Soon the power of the hoses had beaten the fire into submission and the area was cordoned off. The guests filed back inside to pay their bills.
The toad gentleman remained seated at table twenty-two while I matched guest to mink. There was a lot of shouting about lost items; William was called, but the fire seemed to have endowed him with an ancient kind of Zen and even his verbal abuse was tranquil.
The toad gentleman caught my eye as I said thank you so much for coming, we do apologise for the disruption – a thousand times or more. He was holding up his iPad for me to see. I squinted at it. He beckoned me closer.
On the screen, a mauve heart was efflorescing with digital emotion: it was spurting something. His tongue darted out again; it was the same colour as the he
art.
‘Your fucking friends have left without paying again,’ said Madeline, bulldozing into reception. ‘It’s coming out of your pay cheque.’ She looked at the receipt. ‘£790.’
I tried to call Freddie, but he didn’t answer.

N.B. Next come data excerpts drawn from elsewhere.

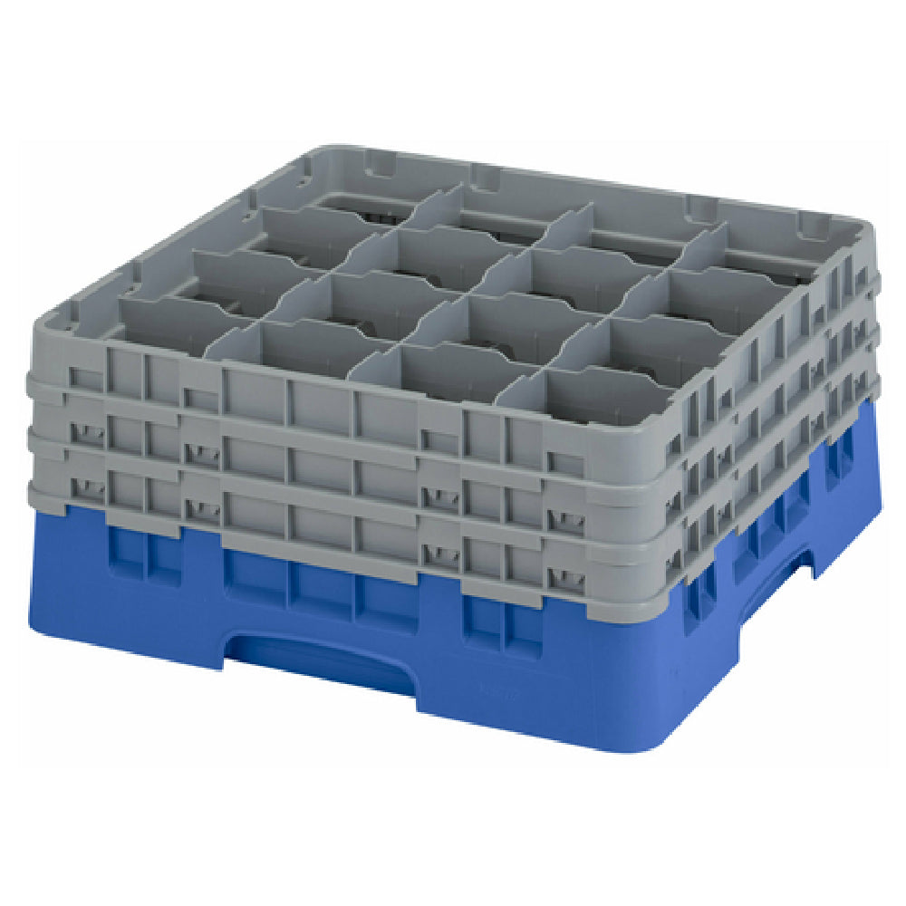 The Cambro 16S738168 Camrack® Glass Rack with (3) Soft Gray Extenders is a full-size solution designed for optimizing glassware storage and transport in professional settings. Measuring 19-3/4" x 19-3/4" x 8-7/8", this glass rack offers (16) compartments, each accommodating glassware with a maximum diameter of 4-3/8" and a maximum height of 7-3/4". The inclusion of (3) soft gray extenders enhances the rack’s capacity, offering flexibility in managing varying glass sizes while ensuring stability and protection during handling. Its distinctive blue hue not only adds a touch of color but also aids in easy identification in storage areas. The Cambro Camrack® is HACCP compliant, underscoring its suitability for maintaining food safety and hygiene standards, and it meets NSF certification requirements, ensuring adherence to public health and safety guidelines. This product is ideal for use in restaurants, bars, and catering services where efficient glassware management is essential, providing a reliable and organized solution for busy food service environments. The innovative design and robust construction make it a practical choice for industry professionals seeking durability and efficiency in their operations.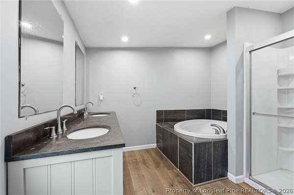 - Bath In Primary Bedroom, Built In Features, Ceiling Fans, Double Vanity, Eat In Kitchen, Garden Tub Roman Tub, Granite Counters, Primary Downstairs, Separate Shower, Walk In Closets, Window Treatments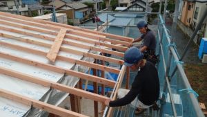 3次防水になる、タイベックシルバーを施工~タルキを打ち~鼻隠しを2人で打っています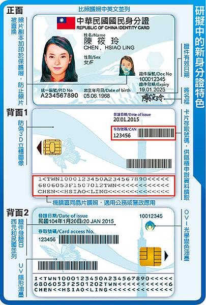 內政部規劃二○一八年全面換發晶片國民身分證,上周在國發會網站公布規劃方案。內政部戶政司長張琬宜昨說,目前晶片身分證(eID)研議採國際民航組織(International Civil Aviation Organization,ICAO)規格,外觀記載中英文姓名、西元出生年月日及效期,晶片內存取父母、配偶姓名、戶籍地及役別等資料,藍白底色,還有簽名檔,但現仍在聽取民意階段,尚未定案。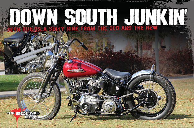 This year, at the Easyriders’ show in Atlanta, the Limpnickie Lot builders would pick this bike as their favorite of the show. Seth said he was honored that the cats whose bikes he had been drooling over all weekend, decided to give him a nod. Seth says that the Sixty-Nine is in a constant state of metamorphosis, just like most of the bikes in his area. They redo ’em over the winter, then ride the piss out of them. For this one, a set of stainless pipes are next and a spool hub from Jr’s Cycle. Seth’s starting on a ’52 now also, maybe in the next month or so when the shops starts to slow down for the winter. Until he finds the bits and pieces he needs for that, you can find him doing his part to keep Atlanta riding.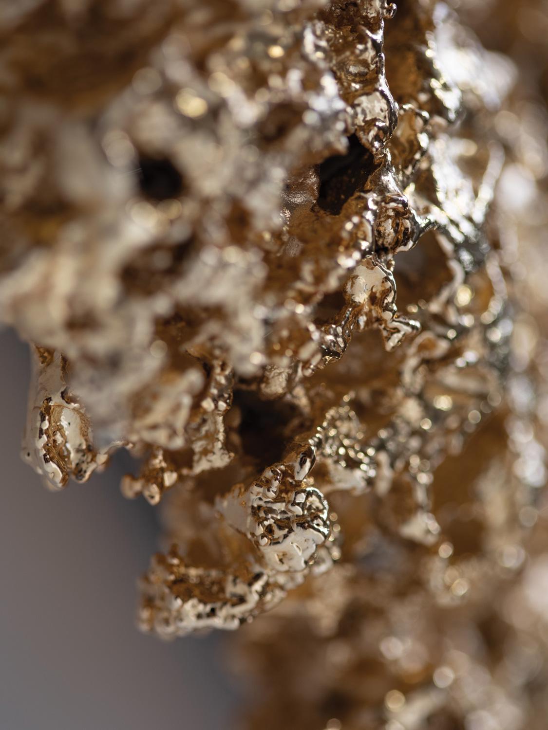 The "Brooch" Mirror, finished in 14K gold, hand-crafted in Southern California, is our vision of "Organic Luxury", our iconic debut line inspired by nature and opulence. Each piece is uniquely sculpted. It's aesthetic will command attention in any room.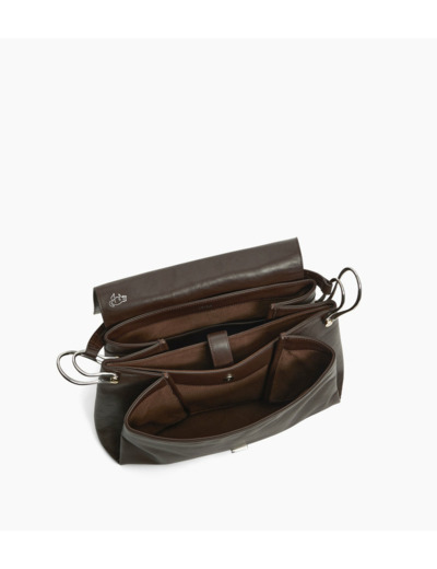 3 grands compartiments intérieurs dont 1 avec fermeture aimantée. 1 grande poche plate arrière extérieure. 1 bandoulière porté croisé ajustable et amovible.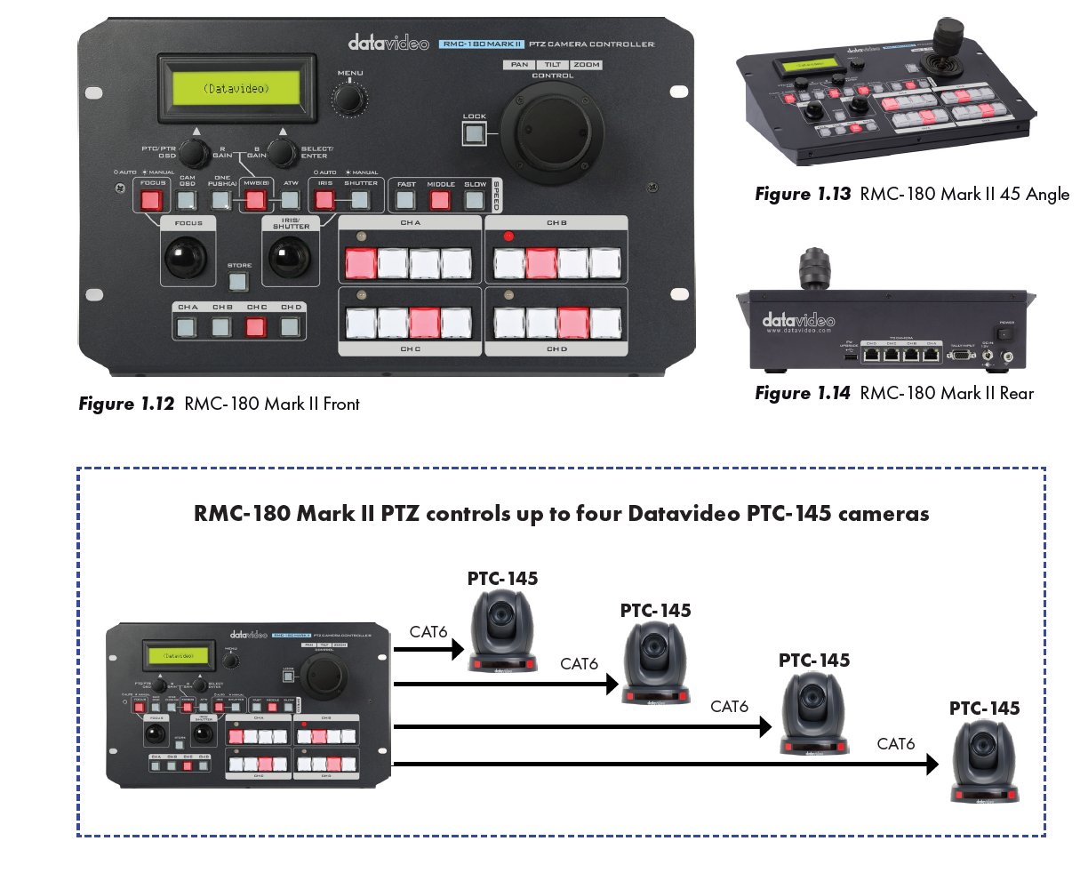 The Datavideo RMC-180 Mark II PTZ camera control unit controls up to four Datavideo PTC-145 cameras. It has a responsive joystick and adds another level of unrestricted creativity and functionality to your video production.

Reluctantly, I called Jasper.
‘Come and play,’ he giggled. ‘We’re playing.’
‘Where?’
‘Upstairs. Up.’
I went back through the restaurant towards the slanting stairs that spiralled up the interior of the building.
The toad man shot out a toad hand as I passed. He held my wrist. He was wearing red and gold cufflinks. ‘Please,’ he said in a gentle voice.
I stopped.
His pond eyes looked up into mine.
‘The restaurant’s closed now, sir. If you wouldn’t—’
‘Sit with me for just one moment.’
I did.
We were alone, side by side, on the leather banquette. He plucked the single white orchid out of the vase on the table and gave it to me.
‘Thanks,’ I said. ‘But that’s restaurant property. They get put in the fridge overnight. There are CCTV cameras everywhere.’
His comb-over fell into his face. His scalp was slick. There were brown speckles on his forehead and veiny networks on his cheeks.
‘My wife died last year,’ he said. ‘Breast cancer.’
I frowned.
‘Yes, it was a terrible, irreplaceable loss. We’d been married for thirty years.’ He looked down. ‘I’ve been waiting for a woman like you. I’ve been waiting to impart jouissance to a woman like you. Do you know what jouissance is?’
I shook my head.
‘It is the extreme of pleasure,’ he said. ‘Where pleasure meets non-pleasure and life, existence, the cosmos becomes a black hole. It is the threshold of pleasure and pain, of sanity and insanity.’ He paused. ‘Of Eros and Thanatos.’
I stood up and gave a sunny, American smile. ‘I do hope you enjoyed the salmon.’
‘Where are you from?’ he asked me.
‘France,’ I lied. ‘Paris.’
That tongue again. It was actually the colour of beetroot. He extended it to maximum length, as though trying to catch a fly. He waggled it around. Then he put it back in his mouth. ‘Please come to the ASH Hotel bar after your shift.’ He slid a business card towards me. ‘I will be waiting for you from midnight onwards. I will wait all night.’